[Extracted records]

**********

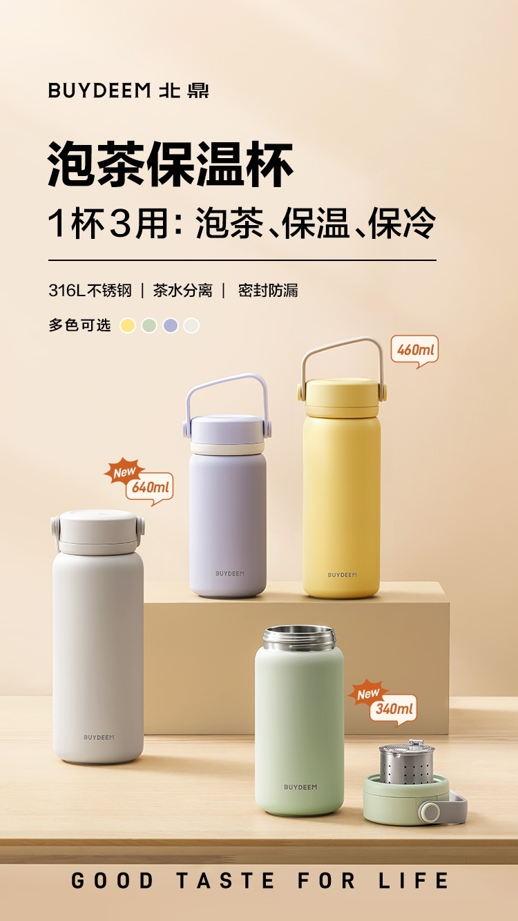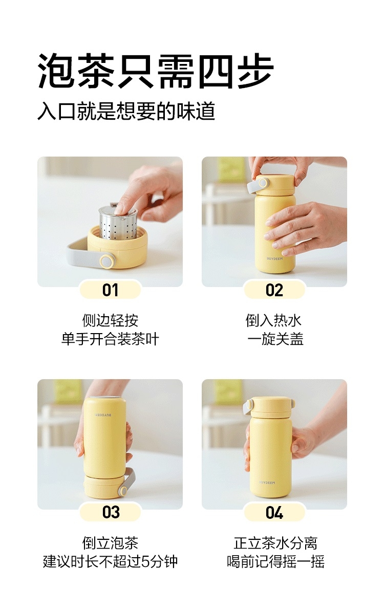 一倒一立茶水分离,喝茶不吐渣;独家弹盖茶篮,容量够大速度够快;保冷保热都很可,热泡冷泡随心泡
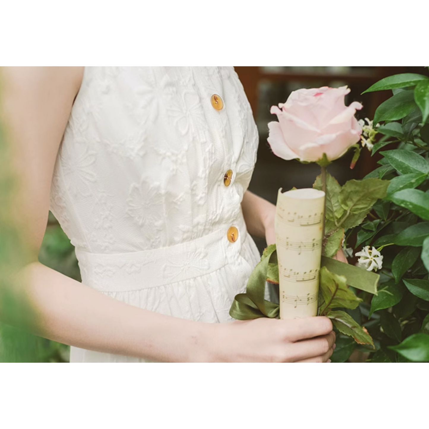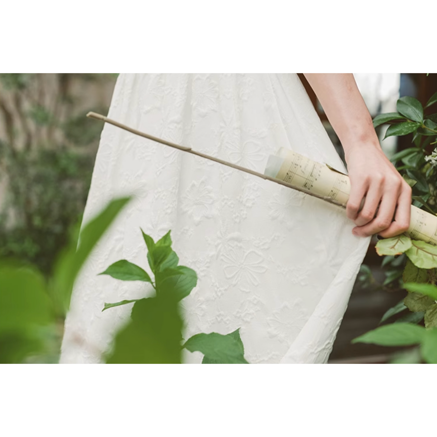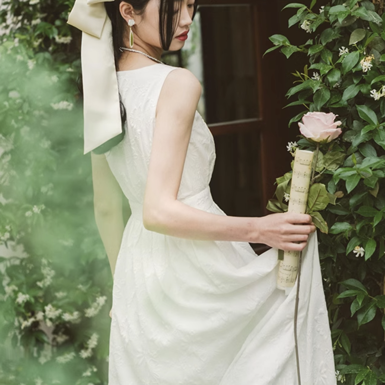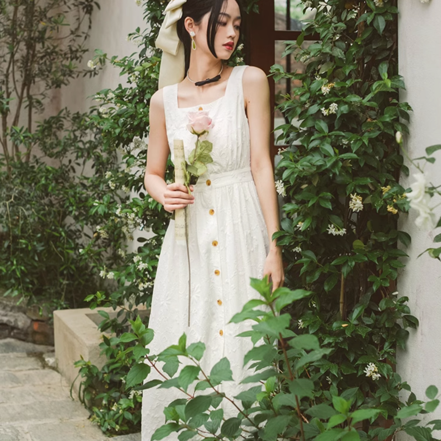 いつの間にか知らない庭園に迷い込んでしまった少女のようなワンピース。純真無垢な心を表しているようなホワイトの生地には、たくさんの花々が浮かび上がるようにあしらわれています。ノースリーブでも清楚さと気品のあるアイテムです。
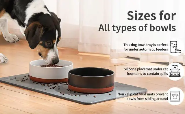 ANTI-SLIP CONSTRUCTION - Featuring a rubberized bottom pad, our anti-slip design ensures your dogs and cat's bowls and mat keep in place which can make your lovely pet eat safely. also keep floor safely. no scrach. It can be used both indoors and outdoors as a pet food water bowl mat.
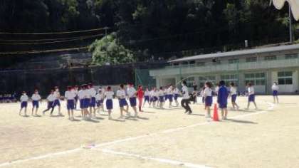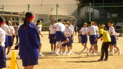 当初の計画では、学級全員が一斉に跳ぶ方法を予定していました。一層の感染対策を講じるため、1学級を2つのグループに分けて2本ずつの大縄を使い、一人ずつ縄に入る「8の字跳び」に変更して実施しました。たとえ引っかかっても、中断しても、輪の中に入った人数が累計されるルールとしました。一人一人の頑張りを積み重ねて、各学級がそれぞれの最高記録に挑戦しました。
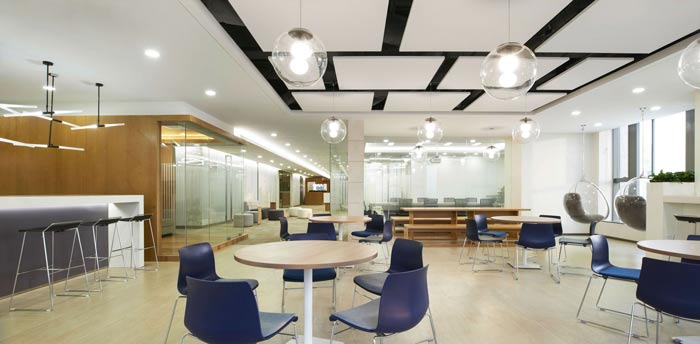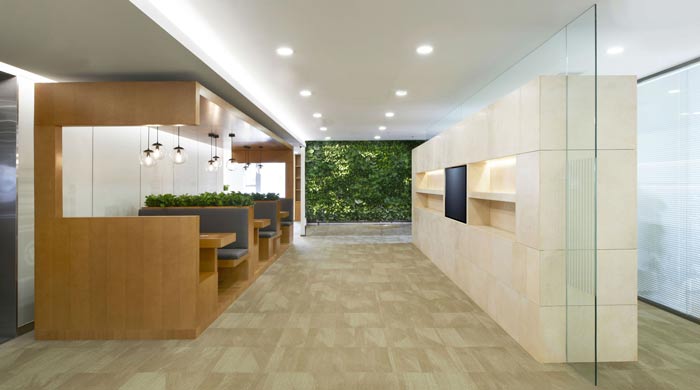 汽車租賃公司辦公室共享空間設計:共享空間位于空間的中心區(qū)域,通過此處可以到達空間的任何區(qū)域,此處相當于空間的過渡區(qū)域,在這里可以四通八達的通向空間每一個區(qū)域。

**********

• _EXERCISE_
Repeat every line above exactly, but omit all images.

• _TASK SOLUTION_
 一倒一立茶水分离,喝茶不吐渣;独家弹盖茶篮,容量够大速度够快;保冷保热都很可,热泡冷泡随心泡
 いつの間にか知らない庭園に迷い込んでしまった少女のようなワンピース。純真無垢な心を表しているようなホワイトの生地には、たくさんの花々が浮かび上がるようにあしらわれています。ノースリーブでも清楚さと気品のあるアイテムです。
 ANTI-SLIP CONSTRUCTION - Featuring a rubberized bottom pad, our anti-slip design ensures your dogs and cat's bowls and mat keep in place which can make your lovely pet eat safely. also keep floor safely. no scrach. It can be used both indoors and outdoors as a pet food water bowl mat.
 当初の計画では、学級全員が一斉に跳ぶ方法を予定していました。一層の感染対策を講じるため、1学級を2つのグループに分けて2本ずつの大縄を使い、一人ずつ縄に入る「8の字跳び」に変更して実施しました。たとえ引っかかっても、中断しても、輪の中に入った人数が累計されるルールとしました。一人一人の頑張りを積み重ねて、各学級がそれぞれの最高記録に挑戦しました。
 汽車租賃公司辦公室共享空間設計:共享空間位于空間的中心區(qū)域,通過此處可以到達空間的任何區(qū)域,此處相當于空間的過渡區(qū)域,在這里可以四通八達的通向空間每一個區(qū)域。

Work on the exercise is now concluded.